I am right about in the middle of the millennial age group, and I was a strong Obama supporter in the 2008 primary. I distrusted Clinton back then for the same reason I do today: her long record of belligerent foreign policy views. It is simply false to say that Clinton is running as a slightly more left-wing version of Obama. She's fairly close on domestic policy, but has always been a firm advocate of military intervention, and panders to Israel and AIPAC to a ridiculous degree.
But the political context of this primary is also poles apart from 2008. Back then, a huge amount of attention centered on foreign policy. (Without Clinton's support of the Iraq War, she would undoubtedly be president today.) The growing economic crisis did get much notice, especially when the true financial crisis hit during the general election. But progressives — who had spent the 2000s fighting George W. Bush on Iraq, Katrina, tax cuts, corruption, and a hundred other things — did not have a fully developed economic vision at the time. It simply did not sink in fast enough that America was about to experience the worst economic crisis in 80 years — one that would expose the rot in the U.S. economy.

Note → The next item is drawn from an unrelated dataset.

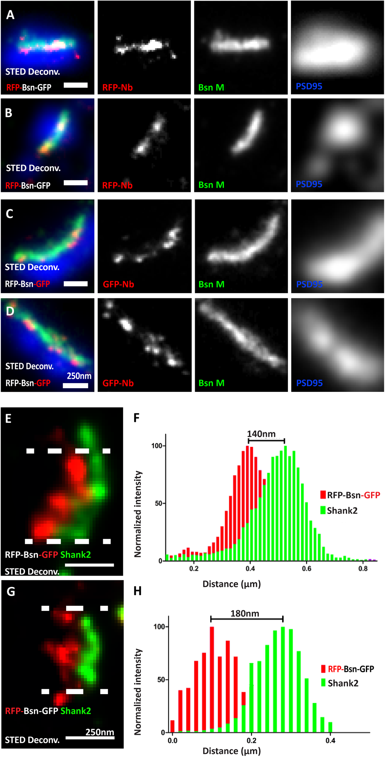 Visualizing the termini of full-length mRFP-Bassoon-mEGFP and its orientation with nanobodies at mature synaptic sites. Day in vitro 14 mass hippocampal cultures transfected with the mRFP-Bassoon-mEGFP construct and imaged using two-color STED microscopy. The construct was visualized at synaptic sites with postsynaptic scaffold markers PSD95 and Shank2, using either the RFP-nanobody-Atto594 to visualize the RFP tag and the N-terminus of the Bassoon construct (A,B,G)/the GFP-nanobody-Atto594 to visualize the GFP tag and the C-terminus of the Bassoon construct (C–E). Panels (A–D) are two-color-STED deconvolved (Deconv.) images of triple-color staining that label the endogenous presynaptic Bassoon signals with a traditional monoclonal antibody, nanoclusters of nanobody signals within the endogenous presynaptic Bassoon signals, and postsynaptic scaffold marker PSD95 (in a confocal mode). Panels (E,G) show the localization of nanobody-labeled C- and N-termini of mRFP-Bassoon-mEGFP and Shank2 in side-view images of its synapses. Distribution of localization points within a 350-nm thick line profiles at the center of the synapse (as shown by the area within the dashed lines) was measured, fit with gaussian distributions, and is plotted in panels (F) (C-terminus of tagged Bassoon and Shank2) and (H) (N-terminus of tagged Bassoon and Shank2). The distance between centroids of the two Gaussians defines the Bassoon-Shank2 distances. N = 10 transfected neurons (A–H) from which 14 (E,F) and 13 (G,H) side-view synapses analyzed as technical replicates. N = 3 separately transfected neuronal cultures/independent experiments (A–H). Scale bars 250 nm (A–G).

By and large, progressives trusted that the new president would sort things out. But instead, despite the fact that Democrats held huge majorities in both houses of Congress, the crisis was half-fixed at best. The economy staggered ahead in a quasi-depression for most of Obama's presidency, only gaining a bit of real steam in the last couple years. Republican victory in the 2010 midterms meant biting austerity and the loss of millions of government jobs.

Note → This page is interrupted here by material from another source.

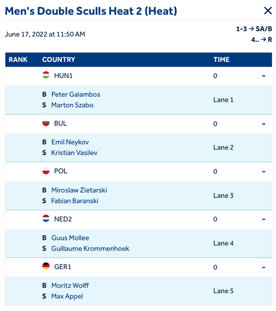 Новият ни екипаж в двойката скул при мъжете Кристиян Василев и Емил Нейков стартира утре в 12,50 часа в серия №2. Първите 3 лодки се класират на полуфинал.

In the meantime, left-wing critics developed a powerful case that the problems ran far, far deeper than Democrats failing to pass a large enough stimulus. Median wages had been stagnant for decades. The financial system had turned into a giant parasite. Unions were all but dead, especially in the private sector. Inequality, at spectacular highs before the crisis, continued to increase under Obama, with the top 1 percent vacuuming up virtually all income growth. For many college grads and dropouts, student debt had become a crippling burden.
The crummy American welfare state also came in for sharp leftist criticism. Unlike peer nations in Europe, America has no paid parental leave, no child allowance, and no paid vacation on the federal level. Its retirement programs are either insufficient or a colossal failure, and its unemployment and disability benefits are threadbare. Bill Clinton's welfare reform was conclusively proved to be a nightmarish disaster that increased extreme poverty by 150 percent. Even ObamaCare, while it is a big improvement on the status quo, has not remotely achieved universal health care coverage.
Obama himself was a sharp disappointment in many ways, from his failure to deal with the foreclosure crisis, to his perpetuation of much of the Bush security apparatus — particularly dragnet surveillance, as the Snowden revelations made clear.
In the 70s and 80s, the fading embers of the New Deal made these critiques seem weird or unnecessary, as did the red-hot economy of the late 90s. But today, it is obvious that America basically fails many of its citizens, and young people have been getting their faces ground into it for their entire political lives. That, I submit, is the basic reason that Bernie Sanders has done so well.
He's not perfect, but he is the only one with a platform that is remotely on the same scale as the problems Americans face.